(Provided data)
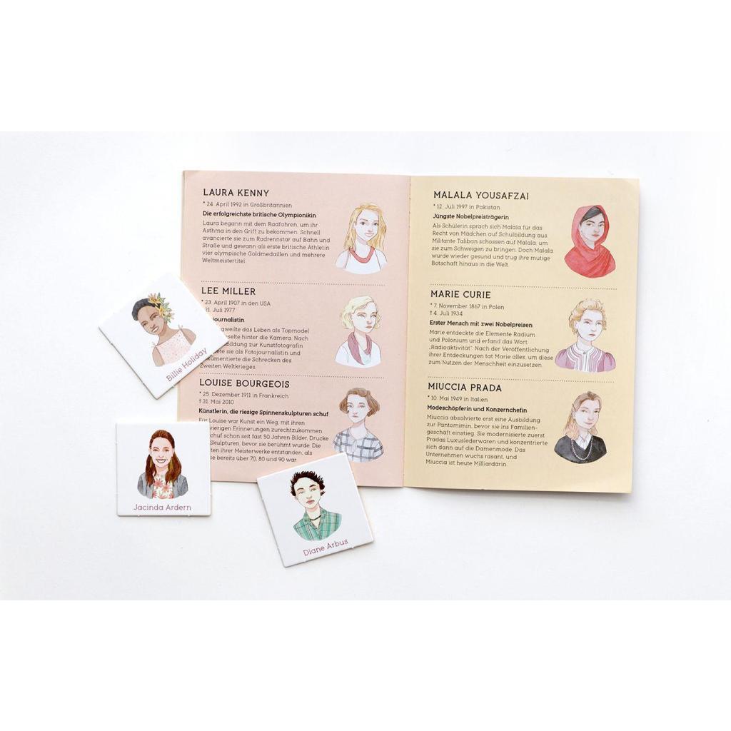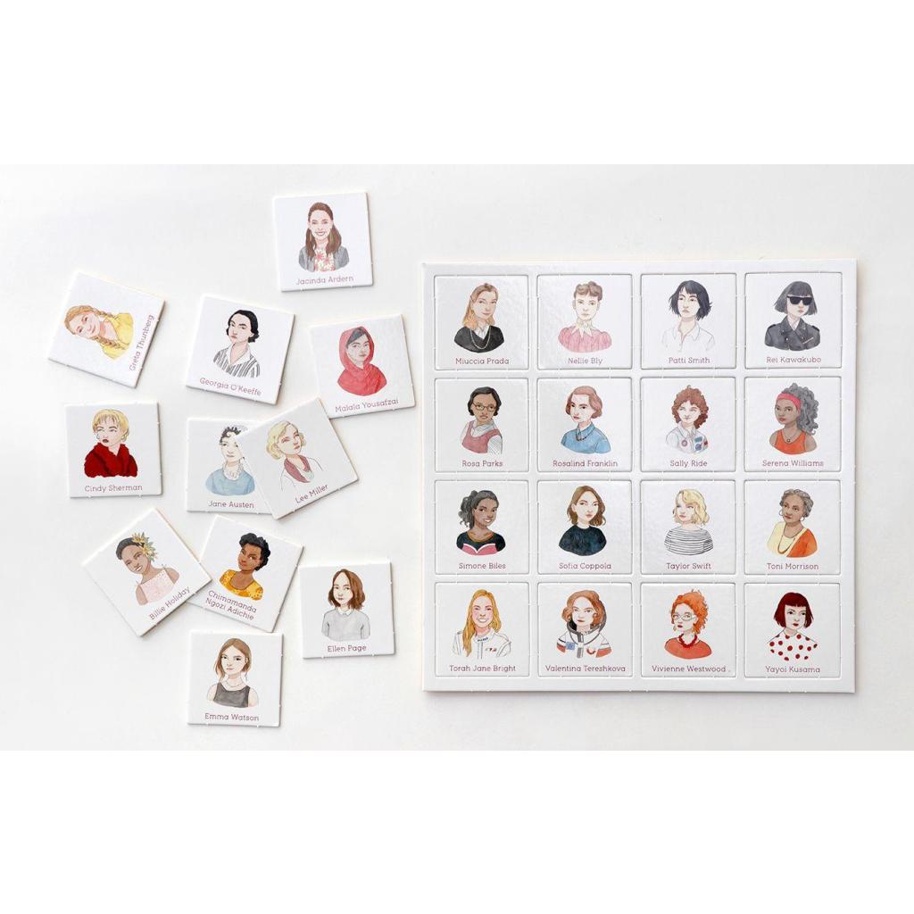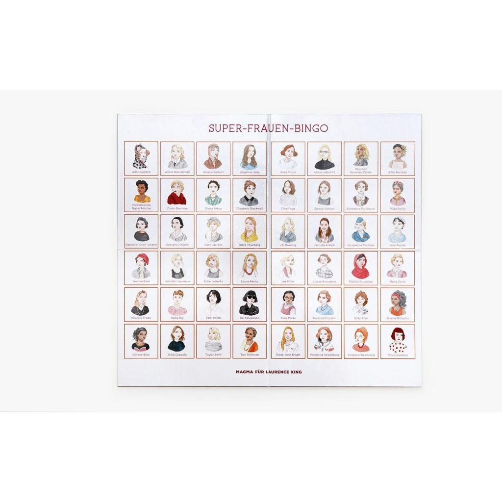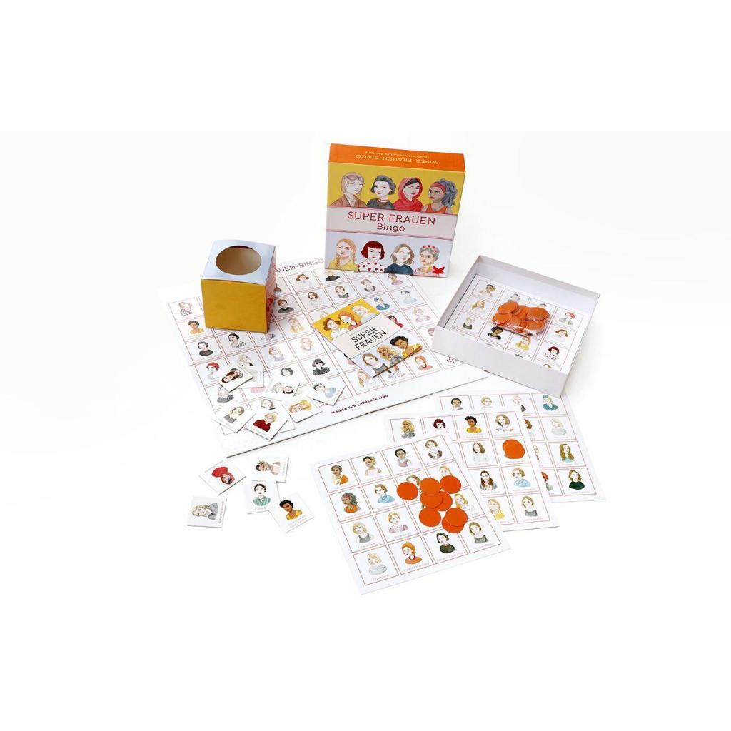 Mit diesem unterhaltsamen Spiel aus unserer Reihe der Kinder-Bingos kann die ganze Familie ihre Bingo-Karten mit berühmten Frauen aus der ganzen Welt und der gesamten Menschheitsgeschichte füllen! So lernen nicht nur die Kleinen etwas über die Frauen, die unsere Wissenschaften, unsere Kunst oder unsere Sportgeschichte vorangebracht haben! Enthält 48 illustrierte Spielkärtchen, ein Spielbrett, acht doppelseitige Bingo-Karten, Zähler zum Markieren Ihrer Karte und ein illustriertes Heft mit kurzen Biografien zu jeder Superfrau.
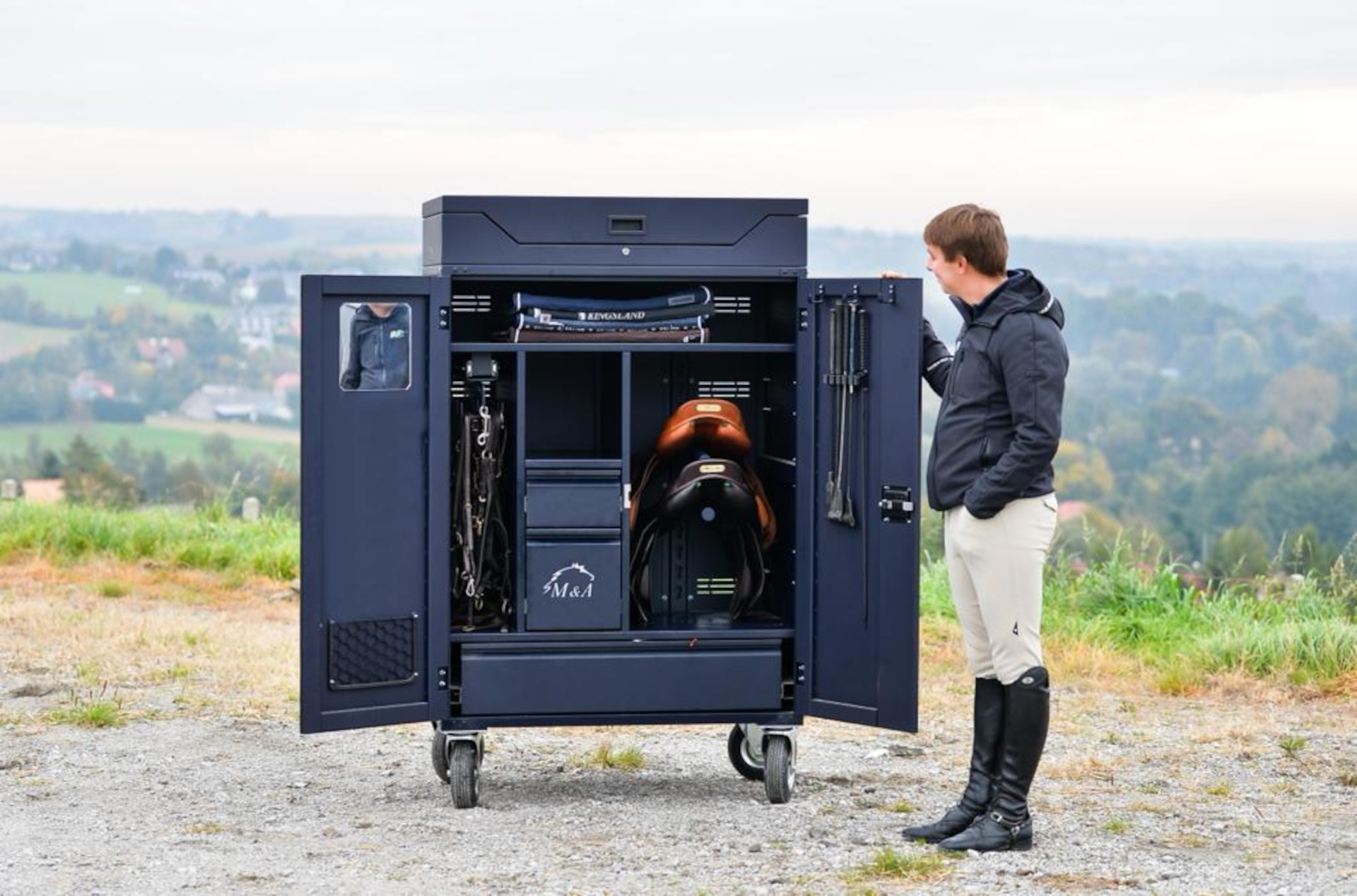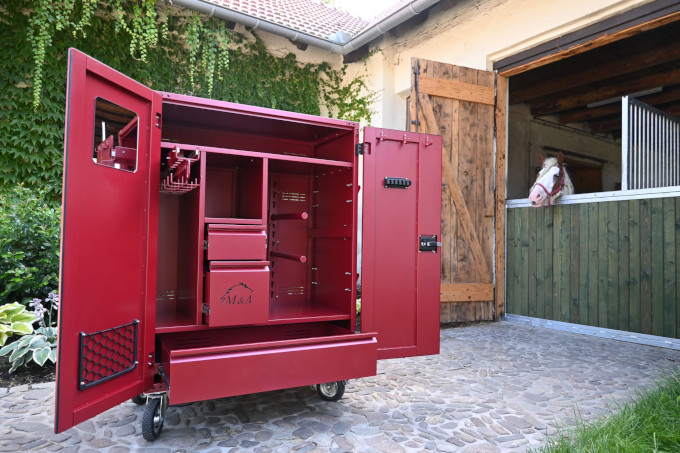 Paka SPORT M&A to imponująca wymiarami i funkcjonalnością skrzynia na dwa siodła. Układem zbliżona do paki Komfort z dodatkowym górnym segmentem na ekwipunek większych gabarytów jak derki czy garderoba jeźdzca. Bardzo przydatną funkcją jest możliwość zamontowania wieszaka na siodło na zewnętrznej ścianie paki. Przestrzeń paki możemy dodatkowo powiększyć o nadstawkę.
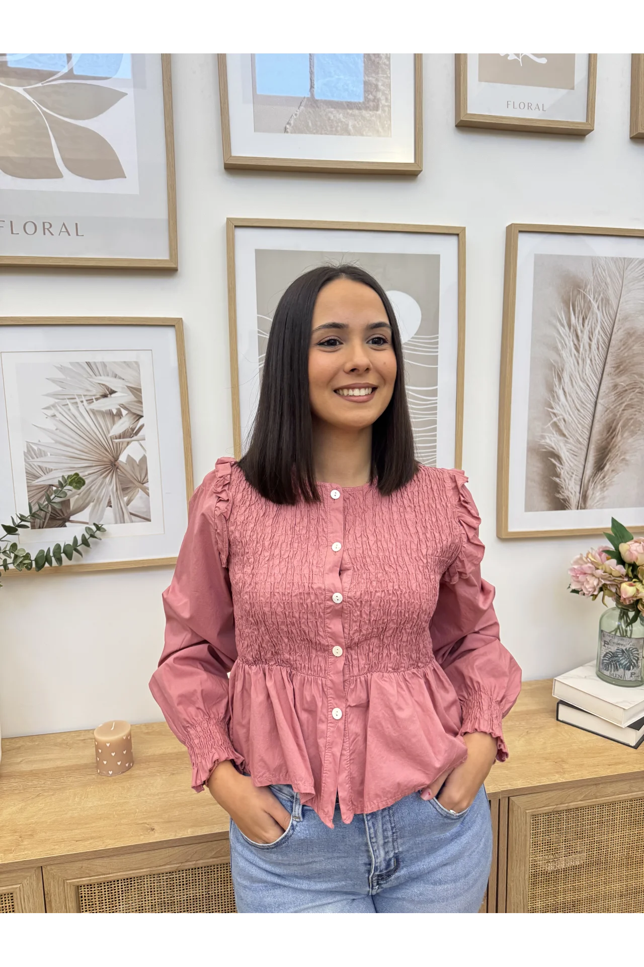Camisa cropped con nido de abeja en la zona del pecho y mao acabado en volante. Cierre con botones y manga abullonada.
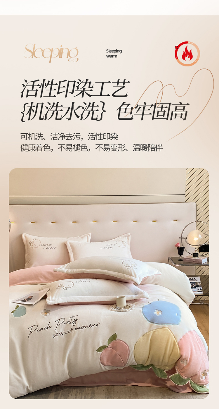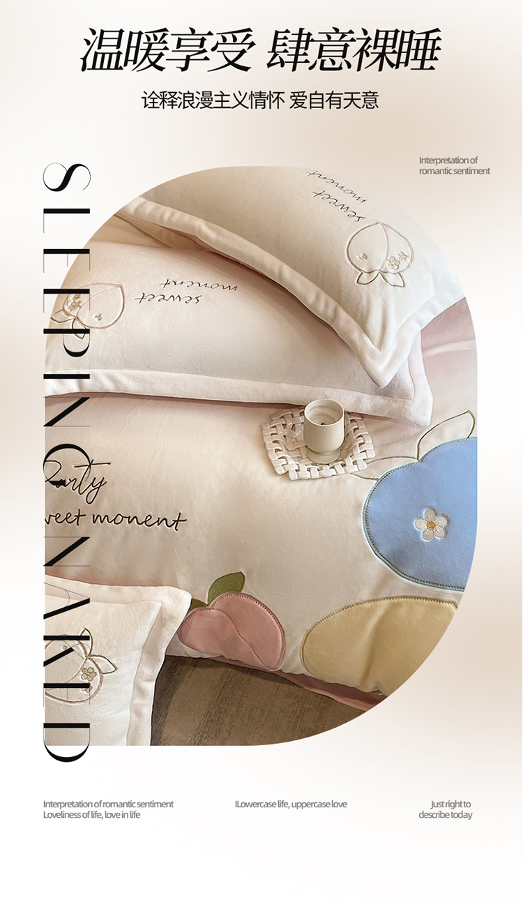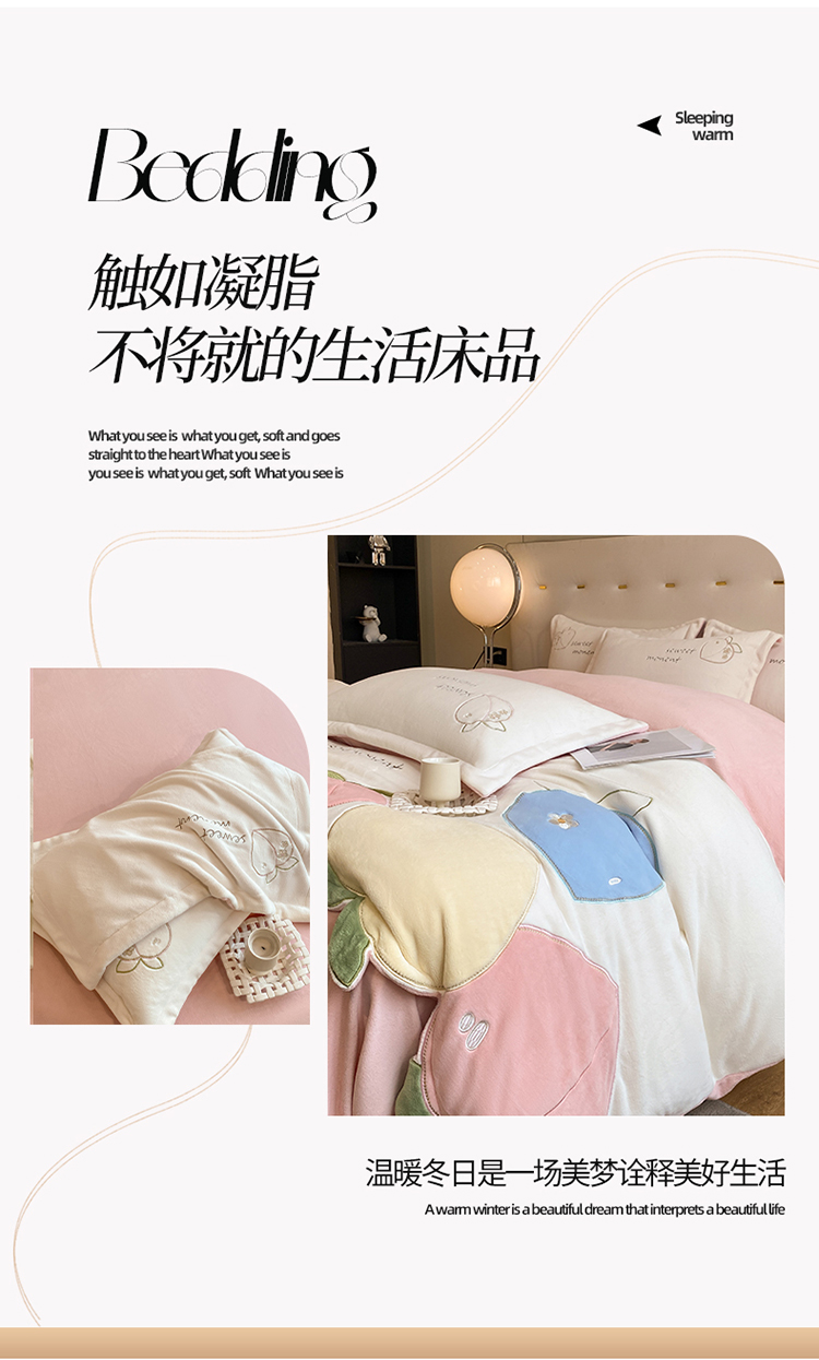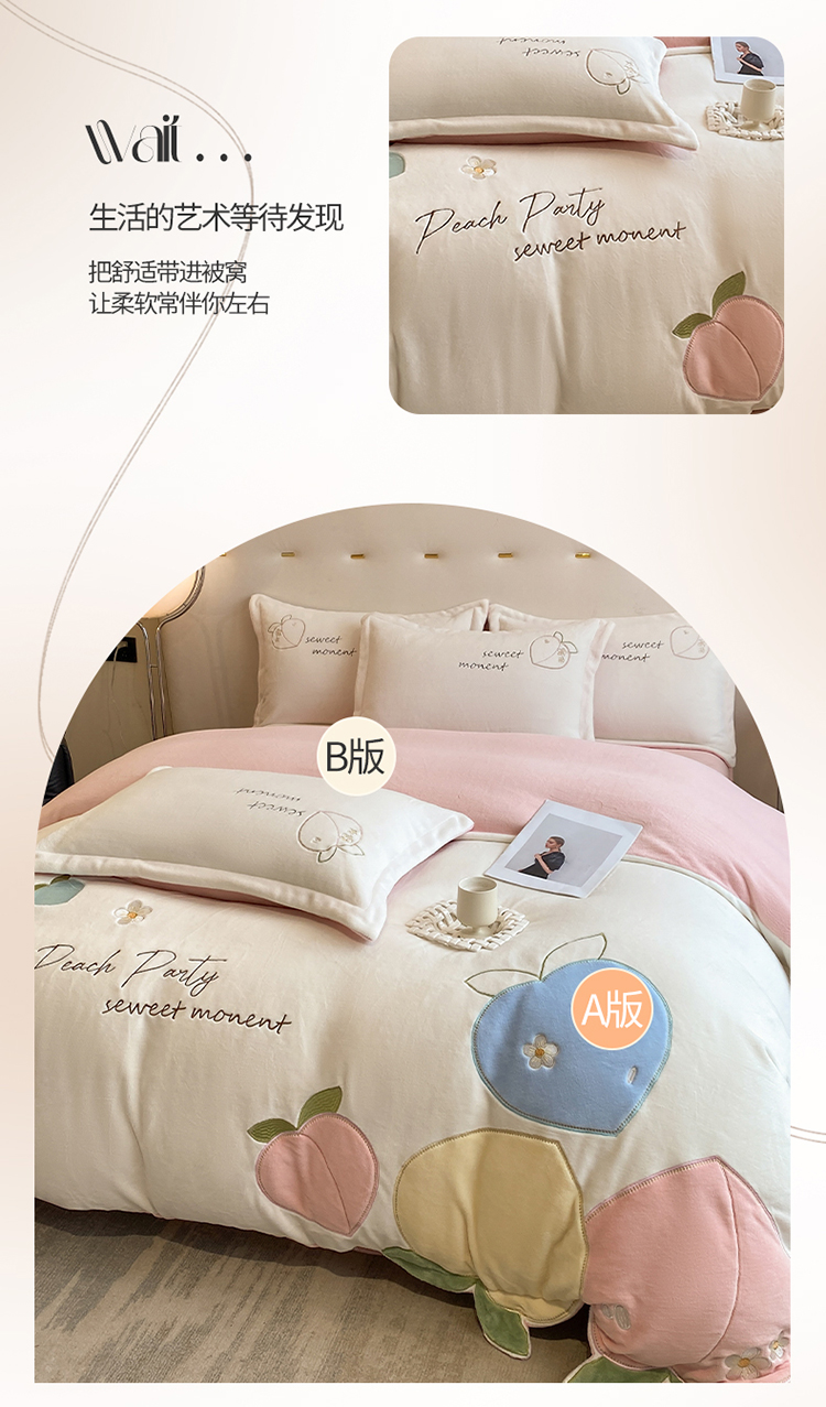 爱家(原缔乐家纺) 牛奶绒贴布绣四件套-蜜桃可可 蜜桃可可-奶昔白

(Exercise) Starting at the line that contains "Camisa cropped con", retype each line through the final one in the listing, with both ends kept and the pictures omitted.

(Answer box)
Camisa cropped con nido de abeja en la zona del pecho y mao acabado en volante. Cierre con botones y manga abullonada.
 爱家(原缔乐家纺) 牛奶绒贴布绣四件套-蜜桃可可 蜜桃可可-奶昔白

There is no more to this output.